Originally published in The Australian, November 30, 2023 edition.

Major ASX-listed companies are meeting in Melbourne this week ahead of the introduction of a new climate reporting regime next year.

It’s amazing how quickly expectations regarding climate change disclosure have matured.

Not so long ago, companies could easily just take an anecdotal approach, by simply including a few case studies in their annual reports.

Now, legislation mandating climate disclosure is imminent, and so is a detailed Australian accounting standard on disclosing climate-related financial risk.

Through the groundbreaking work of the International Sustainability Standards Board (ISSB) in developing comprehensive baseline global standards for climate disclosure, we are now on a pathway towards quantitative reporting and comparing apples with apples.

Pleasingly, in response to consultations to date and reflecting international best practice, it’s certain that both the legislation and the final standard will require a company to disclose a transition plan.

The credibility of these transition plans will be supported by the national sectoral emissions reduction pathways and the sustainable finance taxonomy sustainability objectives, that will provide consistent metrics to assess alignment between investment activities and good sustainability outcomes.

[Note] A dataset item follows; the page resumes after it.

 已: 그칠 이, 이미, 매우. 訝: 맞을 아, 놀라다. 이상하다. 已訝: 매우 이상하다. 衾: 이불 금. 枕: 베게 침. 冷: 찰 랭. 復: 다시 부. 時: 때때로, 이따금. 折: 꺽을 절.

And, as different best practice frameworks mature, transition plans will need to meet internationally-aligned credibility standards that can support a 1.5°C pathway. Examples include the recently launched VCMI Claims Code of Practice for the voluntary carbon market and the evolving work of the International Organization for Standardisation (ISO) Net Zero Guidelines.

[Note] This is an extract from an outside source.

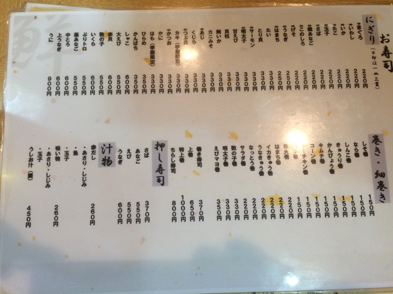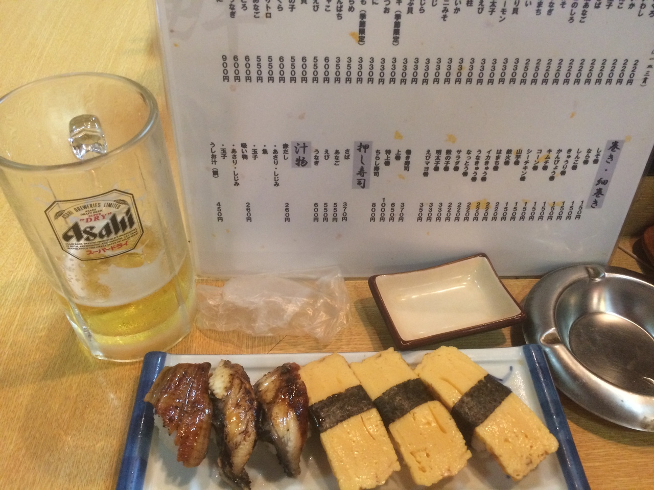 じゅんじゃん横丁の通り沿いにあり、同じ通りに本店もあります。カウンターのみの狭い店で、生ビールで喉を潤してから注文しました。一貫が3つでした。まぐろ、玉子、うなぎ等をガリと併せて食べました。夕暮れときに行ったせいかネタがあまり新鮮ではなかったです。

From discussions with the business community so far, it’s been reassuring to hear that many are undaunted by the task of preparing high-quality transition plans, which describe their climate change strategy, targets, and actions.

These companies rightly view transition plans as a way of demonstrating they are economic leaders, with the aim of attracting transition finance and taking advantage of the seismic green economy opportunities.

It’s true that some other businesses are saying things are moving too quickly.

Companies tempted to drag their feet in the preparation of transition plans, or to cut corners when preparing them, should be aware that such an approach carries significant risks, in reputational and commercial terms.

Transition plans will quickly become a key determinant of where global capital is directed – and of where investor and activist attention is focused.

Investors, customers, regulators and activists will be able to compare a company’s transition efforts with those of its peers, and with other parts of the economy, with a degree of precision not previously possible.

The UK Transition Plan Taskforce (TPT) disclosure framework provides an excellent place to start for companies preparing their first transition plan, or about to embark on a plan refresh.

Established by the UK government in the wake of the COP26 climate talks in Glasgow, the TPT disclosure framework is intended to provide a global “gold standard” for transition plans, that aligns with the ISSB standards.

When preparing a transition plan, decarbonisation should be the absolute priority, with due consideration given to how you plan to transition away from fossil fuels, address financed emissions and meaningfully invest in R&D and the commercial deployment of renewable energy, energy efficiency and clean technologies

However, it’s crucial not just to see it as identifying and describing changes needed within your company’s own operations.

A transition plan should also recognise the interdependencies between your company and the economies and communities in which you operate.

For that reason, when preparing your plan, you should carefully examine your relationship with suppliers, the impact of the products and commodities that you sell to your customers, and the approach you take when talking to governments about policy.

Preparing a transition plan also provides an opportunity to connect better to local communities, as you assess physical climate risks in areas where you operate.

It can also help you to better understand the natural environments on which you depend and impact, a critical dimension given the rise of the nature positive paradigm for companies.

In addition, you should examine opportunities to work with partner businesses and utilities for mutual benefit.

And you should consider how you can most usefully finance abatement actions elsewhere in the Australian economy or overseas, by purchasing high integrity carbon credits.

The process of preparing transition plans has its challenges – a key one being a shortage of the experts required to develop and assure them.

But ultimately the benefits of having a high quality transition plan will far outweigh the costs and complexities of preparing it.

It won’t guarantee universal acclaim for your decarbonisation approach. But it will ensure there is a common understanding of what you are doing – and that is vital, given the speed at which we must make major changes to the way we do business.

Kurt Winter is the Carbon Market Institute’s director of corporate transition.